:: Information provided ::

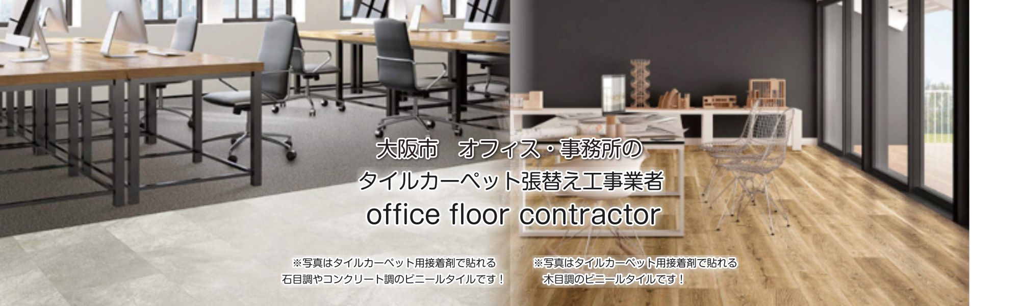当社は大阪市のオフィス・事務所のタイルカーペット等の床材の張替え(貼替え)工事を格安価格で行わせていただいております工事業者です。二重床構造床(フリーアクセスフロア・OAフロア)設置工事やブラインド取替工事やパーテーション設置工事・稼働間仕切設置工事も行わせていただいております。
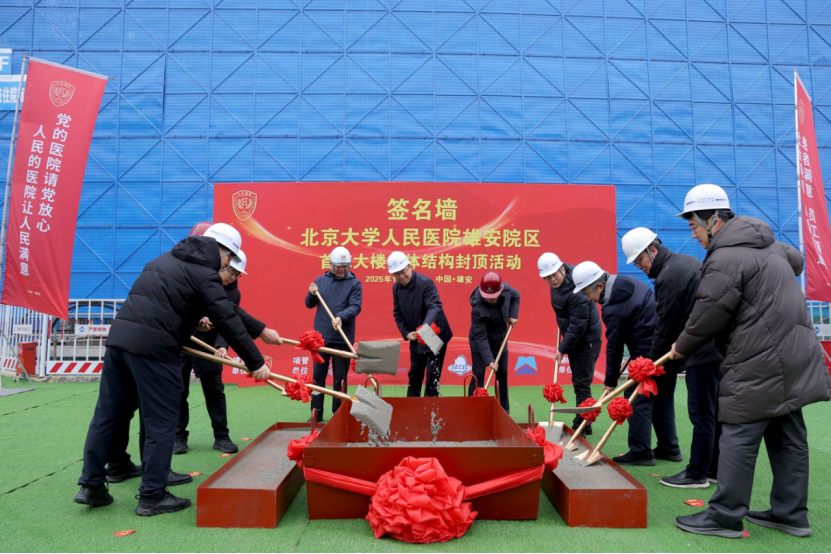 12月18日,由中國中元設(shè)計(jì)的北京大學(xué)人民醫(yī)院雄安院區(qū)首棟大樓(行政教學(xué)科研培訓(xùn)綜合樓)主體結(jié)構(gòu)順利封頂,標(biāo)志著該項(xiàng)目進(jìn)入全面建設(shè)新階段。中國中元總經(jīng)理許海濤出席封頂儀式。
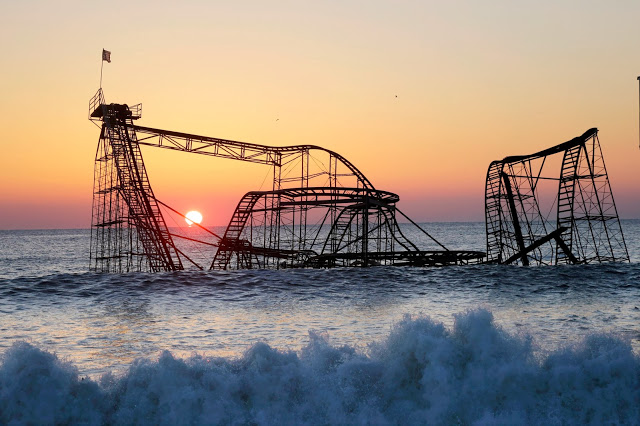 The sun rises in Seaside Heights, N.J., on Monday, Feb. 25, 2013, behind the Jet Star Roller Coaster which was sitting in the ocean after part of the Funtown Pier was destroyed during Superstorm Sandy. The private owners of the amusement pier that collapsed in Seaside Heights were working with insurers to devise a plan to dismantle the ride and get it out of the ocean. (AP Photo/Mel Evans)
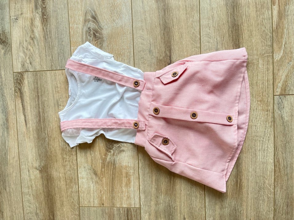 Pamuklu, pembe pastel renkte, düğmeli askılı ve bol kesim kız elbisesi. Yuvarlak yakalı ve desen içermeyen rahat bir sokak stili elbise.
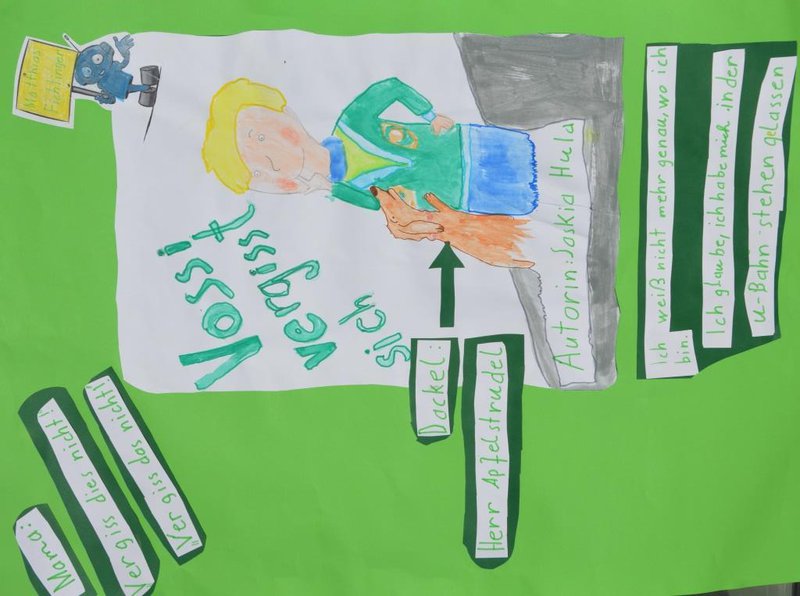 Warum soll sich Vossi vergessen? Wie kann sich Vossi vergessen? Und ein Hund der Herr Apfelstrudel heißt? Alle diese Fragen stellte sich Matthias aus der 4. Klasse Volksschule Bad Traunstein. Beim Lesen des Buches wurde einiges klar. Er würde das Buch auf alle Fälle weiterempfehlen. Das Gestalten des Leseschaufensters machte ihm großen Spaß.
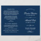 El azul marino profundo crea un telón de fondo sofisticado para este programa de ceremonia clásico, con tipografía blanca crujiente y serif que presenta "La Boda De" en elegante contraste. Un florecimiento decorativo blanco con volutas añade un toque de refinamiento. Las páginas interiores son totalmente personalizables para tu corte nupcial, orden de ceremonia y un mensaje personal de agradecimiento en la cubierta trasera. Los programas se imprimen en papel de peso de texto y llegan planos, requiriendo un simple doblez en el centro.
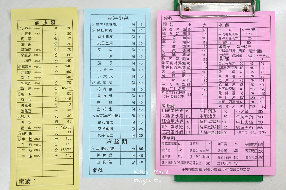 分成滷味類、涼拌小菜、冷盤類、麵類、炒飯類、水餃、燙青菜、湯類、炒菜類幾種品項
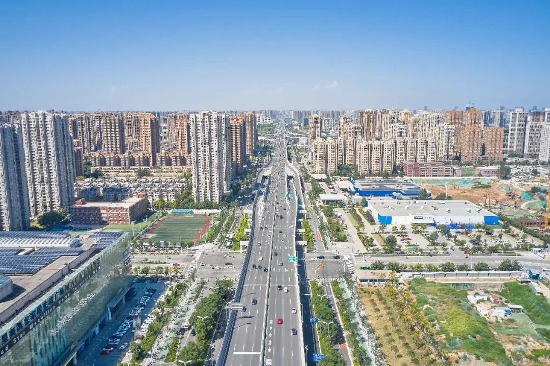 西安市會展中心外圍提升改善道路PPP項目廣安路快速化改造工程西起北二環(huán)辛家廟立交,東至東三環(huán)安邸立交,全長3.8公里,橋上設(shè)計雙向6車道,是十四運配套項目之一。
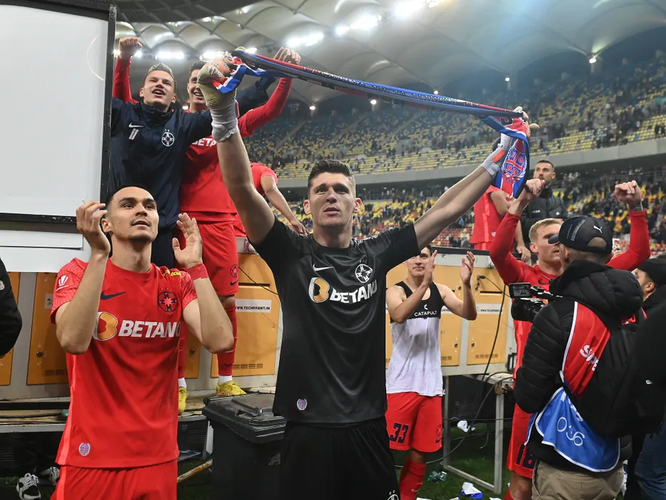 Fotbalistii stelisti Grigoras Alexandru Pantea, Adrian Gheorghe Sut si Stefan Tarnovanu saluta galeria dupa meciul de fotbal dintre FCSB si Rapid Bucuresti, contand pentru Superliga Superbet, desfasurat pe Arena Nationala din Bucuresti, duminica 6 noiembrie 2022. © FOTO:Razvan Pasarica/SPORT PICTURES
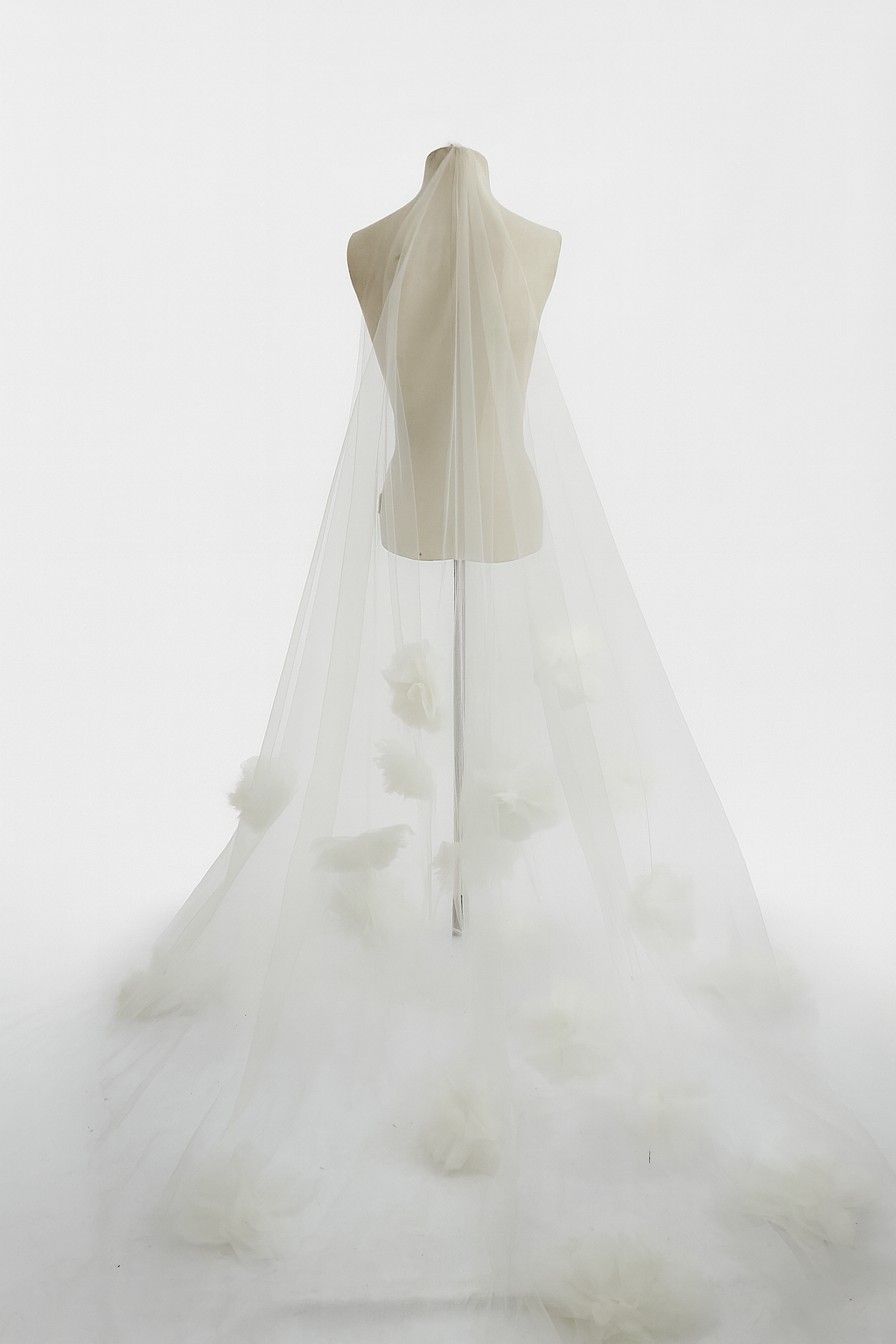 Velo de 200 cm o 100 cm de largo en tul, decorado con flores de tul hechas a mano. Tiene peineta de plástico incluida
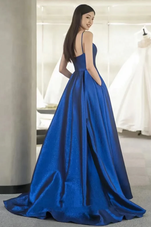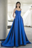 A Line Sweetheart Neck Satin Blue Long Prom Dress, Blue Long Formal Dress PFP2580
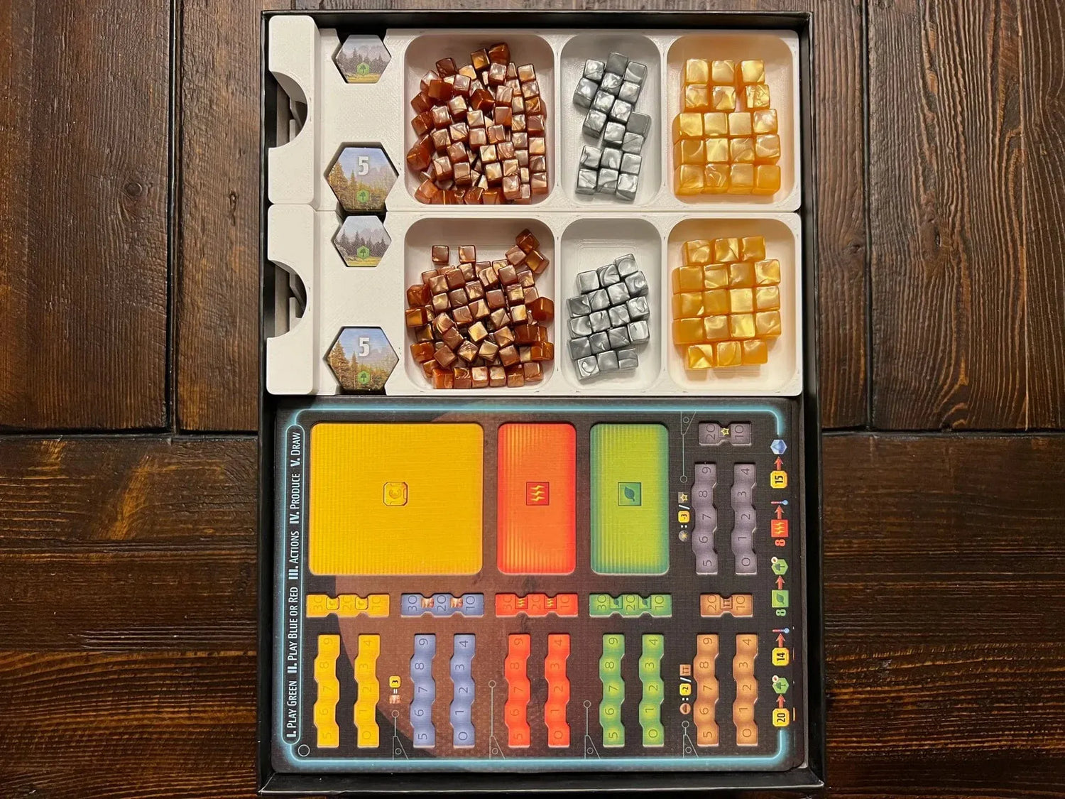 - Two MegaCredit and forest token trays. I placed these in dedicated trays so you won’t need to have expansion tokens on the table if you only want to play the base game.
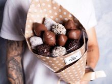 - çikolata. Bir kutu çikolata getirebilir veya tatlı bir kart seçebilirsiniz. Bu küçük jeton ucuzdur. Harika bir seçenek, iki hediyenin aynı anda birleştirileceği bir çikolata buketi olacaktır.

:::

◆ Task instructions:
Set down exactly, line for line, the data from the line that contains "- Two MegaCredit" through its last line, keeping pictures out.

◆ Result below:
 - Two MegaCredit and forest token trays. I placed these in dedicated trays so you won’t need to have expansion tokens on the table if you only want to play the base game.
 - çikolata. Bir kutu çikolata getirebilir veya tatlı bir kart seçebilirsiniz. Bu küçük jeton ucuzdur. Harika bir seçenek, iki hediyenin aynı anda birleştirileceği bir çikolata buketi olacaktır.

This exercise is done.